L’éclairage du Conseil d’Etat concernant l’obligation de fixer un maximum aux accords-cadres
Le Conseil d’État, dans une décision du 28 janvier 2022 (CE, 28 janvier 2022, n°456418, mentionné aux tables), s’inscrit dans la lignée de l’arrêt Simonsen de la Cour de justice de l’Union européenne (CJCE) du 17 juin 2021 en affirmant que la passation d’un accord-cadre sans maximum est entachée d’un manquement aux obligations de publicité et de mise en concurrence.
Dans l’arrêt Simonsen, la Cour de justice a indiqué que les dispositions de la directive marchés publics 2014/24/UE du 26 février 2014 imposaient que soit portée à la connaissance l’estimation du maximum en quantité et/ou en valeur des prestations à réaliser. Une telle estimation est nécessaire aux opérateurs économiques pour leur permettre de calibrer au mieux leur offre. Par conséquent, l’absence de cet élément considéré désormais comme essentiel est un manquement sérieux aux obligations de publicité et de mise en concurrence.

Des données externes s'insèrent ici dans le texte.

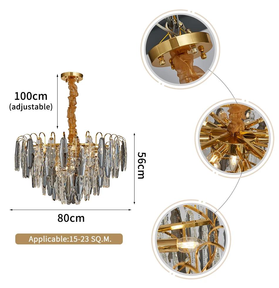 Бренд: Youlaike Номер товара 66278 Стиль товара: современный Материал: металл, хрусталь Размер: диаметр 45 см, диаметр 60 см, диаметр 100 см Источник: светодиодный светильник E14 Цветовая температура: теплый светильник (3000K), холодный светильник (6000K) Напряжение: AC110-240V Доставка: 6-8 дней Применение: гостиная, столовая, спальня
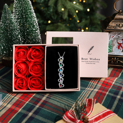 6 Names-Personalised Heart Necklace Set With Rose Box-Custom Birthstone Necklace With 6 Birthstones Engraved Names Gift For Her

Le Conseil d’Etat, dans sa décision du 28 janvier 2022, vient apporter un éclairage important concernant l’articulation entre la jurisprudence Simonsen et le décret n°2021-111 du 23 août 2021. Ce dernier avait intégré un nouvel article R. 2162-4 du code de la commande publique qui imposait de fixer un maximum pour les accords-cadres, cette règle ne s’appliquant que pour les procédures de passation initiées depuis le 1er janvier 2022.
Or, la Cour de justice de l’Union européenne avait affirmé le 17 juin 2021 que la règle était applicable immédiatement, « sans prévoir une application différée dans le temps ».
Dans l’affaire venue devant le Conseil d’Etat le 28 janvier 2022 (pourvoi suite à un jugement en référé précontractuel), l’avis d’appel public à la concurrence avait été publié par le pouvoir adjudicateur les 8 et 21 mai 2021, soit avant la jurisprudence Simonsen de la CJUE, et de facto avant le décret n°2021-111 du 23 août 2021. Le Conseil d’Etat devait donc se prononcer sur le régime applicable à ces procédures lancées avant cette jurisprudence.
Le Conseil d’Etat confirme la jurisprudence Simonsen, à savoir que la procédure litigieuse relevait du champ d’application de la directive 2014/24/UE du 26 février 2014 et que la règle de fixation d’un maximum à l’accord-cadre s’appliquait, peu importe que la procédure de passation ait été initiée avant la décision.
Ce faisant, le Conseil d’Etat donne une portée limitée au différé d’application introduit par le décret n°2021-111 du 23 août 2021 qui n’a, en conséquence, d’effet qu’à l’égard des marchés hors champ de la directive 2024/14/UE.